Master this introductory material on the balance sheet in the 2016 Level I CFA Program curriculum to breeze through tougher concepts later
This is our third week of reviewing the Level I CFA Program Financial Statement material, following the introductory reading and income statement analysis last week.
We begin on our review of the Balance Sheet, reading 26 of the Level I CFA Program curriculum, this week. The balance sheet is not quite as talked about among investors as the income statement but is no less important. Understand how the balance sheet relates to the other two statements, especially how assets are depreciated and expensed.
Understanding the Balance Sheet
The Balance Sheet financial statement is different from the other statements in that it is a snapshot in time rather than a presentation of activity over the period. The Balance Sheet shows assets, liabilities and owner’s equity as of the last day in the reporting period.
Assets represent economic resources of the company, resources that can be used to generate cash or sales. Liabilities are current or future obligations of the company, representing an outflow of economic benefit. Owner’s equity represents the remaining assets or economic resources after all creditors (liabilities) are paid. This gives rise to the balancing of the Balance Sheet with Assets equaling liabilities and equity.
Assets and liabilities are presented in terms of liquidity. Assets that are highly liquid like cash or those that can be converted to cash are show first. Those liabilities that are expected to be paid within a year are shown first in short-term liabilities. The remaining assets and liabilities are shown in long-term accounts because they are expected to be used or paid out over more than a year.
Understand that some of the assets on the Balance Sheet will have a contra-asset and the difference between historical value and net.
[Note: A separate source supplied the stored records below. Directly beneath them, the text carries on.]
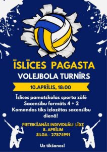 Īslīces pamatskolas sporta zālē 10. aprīlī plkst. 18 Īslīces pagasta MIX volejbola turnīrs.
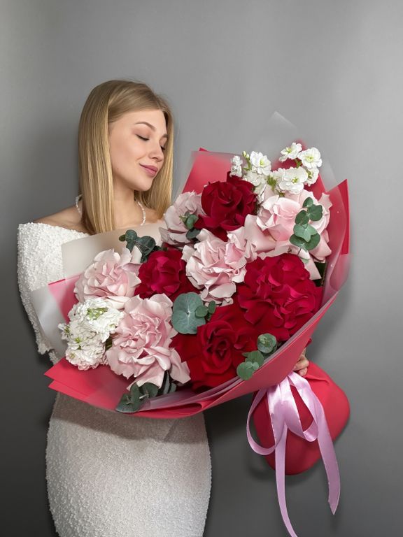 Авторский букет с розовыми французскими розами и маттиолой
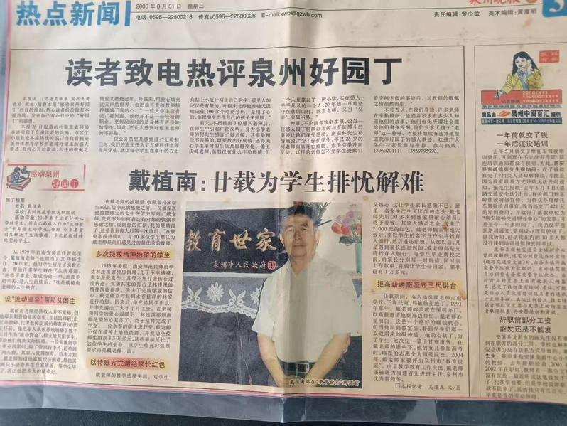 戴植南,男,原南安师范学校教师。1977年毕业于原泉州师专政教专业,拥有29年教龄和50年党龄。
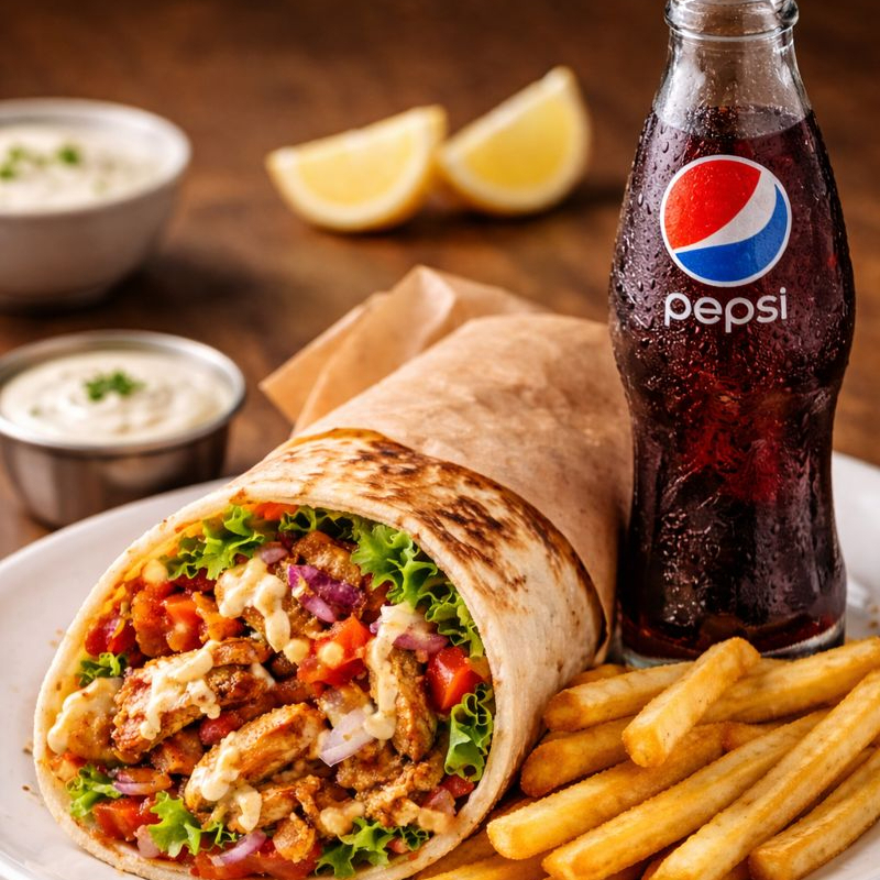 Shawarma de pollo con ensalada fresca, crema árabe,una con ensalada fresca, crema árabe, papas fritas, gaseosa personal

Accounts receivable is offset by the allowance for doubtful accounts for Net Receivables. Property, Plant and Equipment is offset by depreciation for its net value.
There is a lot of accounting concepts on the balance sheet but you must know them to be a good analyst. You’ll go into more detail on how inventories, long-term assets and other accounts are depreciated, expensed and recorded in other readings. If you don’t have a strong background in accounting, it’s imperative that you spend the time necessary to master this introductory material so you can understand the more detailed readings.
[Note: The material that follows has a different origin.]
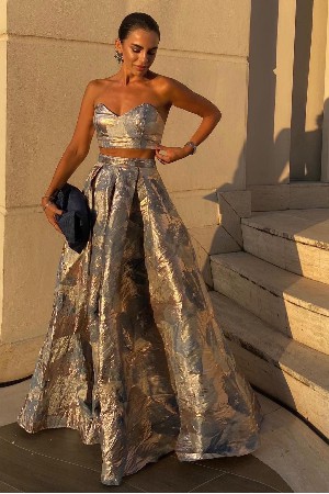 Askılarını isterseniz içeride gizleyerek straplez büstiyer olarak da kullanabileceğiniz Zoeikili set sizi modern ve çarpıcı tasarımıyla davetin en havalı kadını yapacaktır. Saçlarınızı balerin topuzu ile toplayın büyük halka ya da sallantılı küpeler takın ve zahmetsiz şıklığın keyfine varın

The differences between U.S. GAAP and IFRS reporting can be tedious and confusing. It’s best if you put together a table for each financial statement. Label the different accounting items (inventory, PP&E, etc) down the left-side column followed by columns for GAAP and IFRS. This makes for a quick review of the differences that you can use a few times a day until you’ve got them committed to memory.
An important distinction on the Balance Sheet is the classification of financial assets. Financial assets (liquid assets in stocks and other securities) are either classified as Held-to-Maturity, Held-for-Trading, or Available-for-Sale. How the asset is classified will affect how it’s value is recorded and how the gains/losses show through to the income statement.
- Held-to-Maturity assets are measured at amortised or historical costs and no unrealized gains/losses are reported.
- Held-for-Trading assets are recorded at fair value and marked to market with unrealized gains/losses recognized as profit/loss on the income statement and in retained earnings.
- Available-for-Sale assets are recorded at fair value with unrealized gain/loss recognized on Other Comprehensive Income and accumulated within owner’s equity.
Balance Sheet Analysis
As with the reading on the Income Statement, the analysis here is fairly light with just some ratios. The reading is focused more on the accounting concepts for the Balance Sheet while other readings will go deeper into the analysis.
In ratio analysis, you must remember to adjust your Balance Sheet numbers when using them with numbers from the other financial statements. It’s easier than it sounds, you just need to take the average of the beginning and ending values for the Balance Sheet number.
For example, the Days Sales Outstanding ratio is found by taking the average of the beginning and ending receivables on the balance sheet and then dividing by sales or credit sales from the income statement.
Make sure you understand and remember the liquidity ratios and the solvency ratios. These are very basic and will be used throughout the CFA exams and your job as an analyst.
Liquidity Ratios: Current, Quick (acid-test), Cash
Solvency Ratios: Long-term Debt to Equity, Debt to Equity, Financial Leverage
We’ll continue with the Statement of Cash Flows next week and then a week for financial statement analysis. Make sure you are scheduling enough study time to read through the curriculum, work practice problems and then review study notes. It’s only this repetitive system of studying that will allow you to commit CFA study material to memory.